Google Drive (Cloud File Storage) System Design Interview Question
Problem: Design a cloud file storage and sync service like Google Drive, Dropbox, or OneDrive.
Overview
Google Drive, Dropbox, and OneDrive look like file storage but are really sync engines on top of content-addressed blobs. The hard parts are not the upload itself; they are the delta computation that avoids shipping an entire 1 GB file when a user tweaks one paragraph, the multi-device fan-out that makes an edit appear on a phone within a second, and the version history that must be cheap even when a user rewrites the same doc a hundred times. The interview-grade answer splits files into fixed 4 MB blocks, hashes each block with SHA-256, deduplicates across users, and pushes only the block hashes the server has not already seen. A notification service keeps every signed-in device in a long-lived connection and broadcasts a 'refresh this file' ping the instant metadata commits. Below we walk the upload pipeline, the metadata model, and the sync-delta contract that ties everything together.
Summary
A sync-centric file-storage service built around content-addressed block storage. Per the book's final design, the upload path fans into three asynchronous flows: (1) the block server splits the file into 4 MB blocks, compresses + encrypts them, and uploads only the blocks whose SHA-256 hash isn't already present (delta sync + dedup); (2) the metadata service writes the new file row / chunk manifest to the metadata DB (with a Redis metadata cache in front of it); (3) the notification service pushes the change to every other device the user is signed into so sync happens in seconds. Storage is optimized by (a) block-level deduplication across users, (b) a cold-storage / offline-backup tier for old versions and rarely-accessed blocks, and (c) version-history limits (keep N recent versions, or time-based retention) so a single user's 100 rewrites of the same doc don't blow up storage forever.
Requirements
Functional
- Upload, download, rename, move, and delete files and folders
- Version history: fetch and restore any previous revision
- Multi-device sync within seconds of a commit
- Delta / changes-since-revision API for sync clients
- Sharing with per-user or per-link ACLs and collaborative edits
- Full-text and filename search across the user's corpus
- Offline edits that reconcile on reconnect
Non-functional
- 99.99% availability for metadata reads and writes
- Durability 11 nines for file blocks
- P99 sync notification delivery under 1 second
- Block-level dedup yielding at least 30% storage savings
- Scale to 100M DAU, 3 devices per user, 1 PB/day ingress
- Strong read-after-write consistency inside a single user's namespace
Capacity Assumptions
- 100M DAU, 10 file operations/user/day → 1B ops/day, ~70% reads / 30% writes
- Average file 1 MB, P99 file 1 GB; block size = 4 MB (fixed)
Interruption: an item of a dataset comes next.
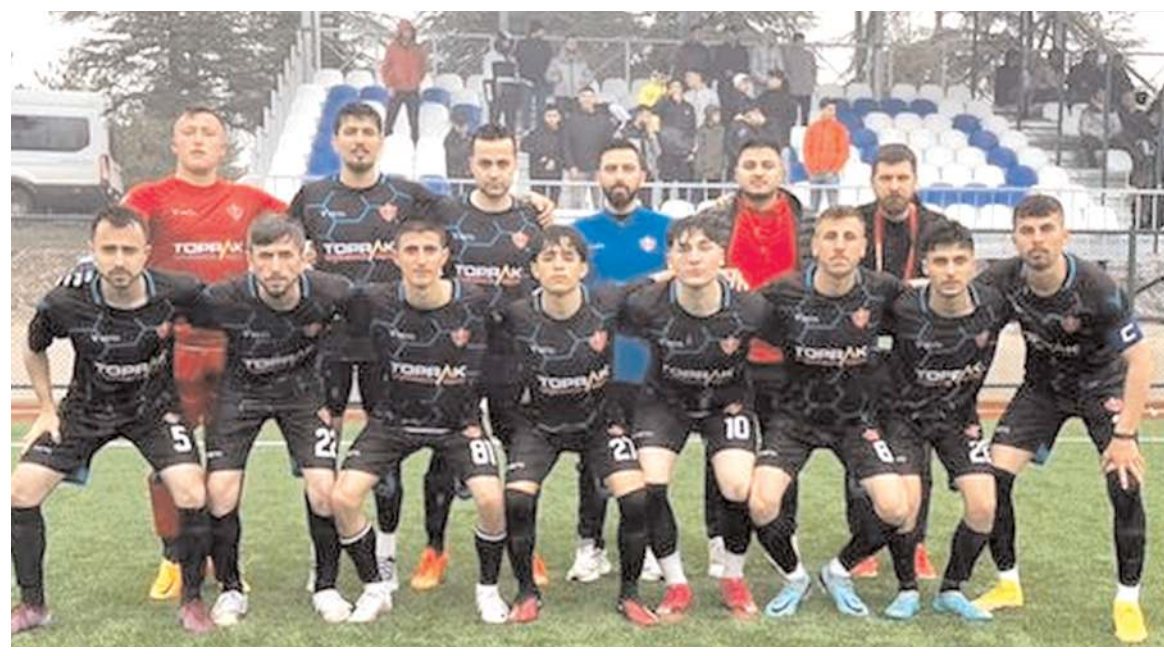
Osmancıkücü, Dodurga deplasmanından üç puanla dönerek iddiasını ortaya koydu

- 50B files lifetime, ~10 PB raw, but dedup ratio ~30% → ~7 PB physical after dedup
- Version history retention: last 10 versions OR 30 days, whichever is smaller — older versions drop to cold storage
- Cross-device sync: avg 3 devices per active user — notification service fans out on every commit
- Collaborative edits: ~1% of files shared, avg 3 collaborators
- Search index over filename + OCR'd content for ~5B files
Back-of-Envelope Estimates
- Write QPS: 300M writes/day / 86400 ≈ 3.5K QPS (peak 10K)
- Read QPS: 700M reads/day / 86400 ≈ 8K QPS (peak 25K)
- Upload bandwidth: 1 PB/day / 86400 ≈ 12 GB/s aggregate across regions
- Metadata DB size: 50B files * ~500B row + 50B * 250 blocks * 80B chunk ref ≈ 25 TB files + 1 PB block manifests → shard across ~100 SQL nodes
- Redis cache: hottest 10M files' metadata ≈ 50 GB — fits a small Redis cluster
- Notification connections: 100M DAU * 3 devices * 30% online = 90M active long-poll / WS connections
High-level architecture
The client is the engine of the design. When a file changes it re-chunks the local bytes into 4 MB blocks, hashes each block, and diffs the new block list against the previous revision stored locally. The resulting set of 'new' hashes goes to the block server, which asks the dedup index whether it already has each hash; only the truly novel blocks are PUT to cloud storage, compressed and encrypted at rest. Once all blocks land, the client calls the metadata service to commit a new revision: a row that pins file_id, revision_number, ordered block-hash list, size, mtime, and the committing device. The metadata DB is sharded by user_id so a single user's edits are serially ordered; a Redis metadata cache fronts the hot working set. A commit triggers two fan-outs. First, the notification service pushes a lightweight ping to every other device the user owns over a long-poll or WebSocket channel; each device then calls the changes API with its last-seen revision and pulls only the deltas. Second, the search indexer asynchronously picks up the new revision to refresh the filename and OCR index. Cold storage quietly migrates rarely-touched old-revision blocks to cheaper tiers, guarded by the version-history retention policy. ACLs, share links, and collaborator membership live in the metadata DB alongside files, so a single transactional commit updates both the revision and who can see it.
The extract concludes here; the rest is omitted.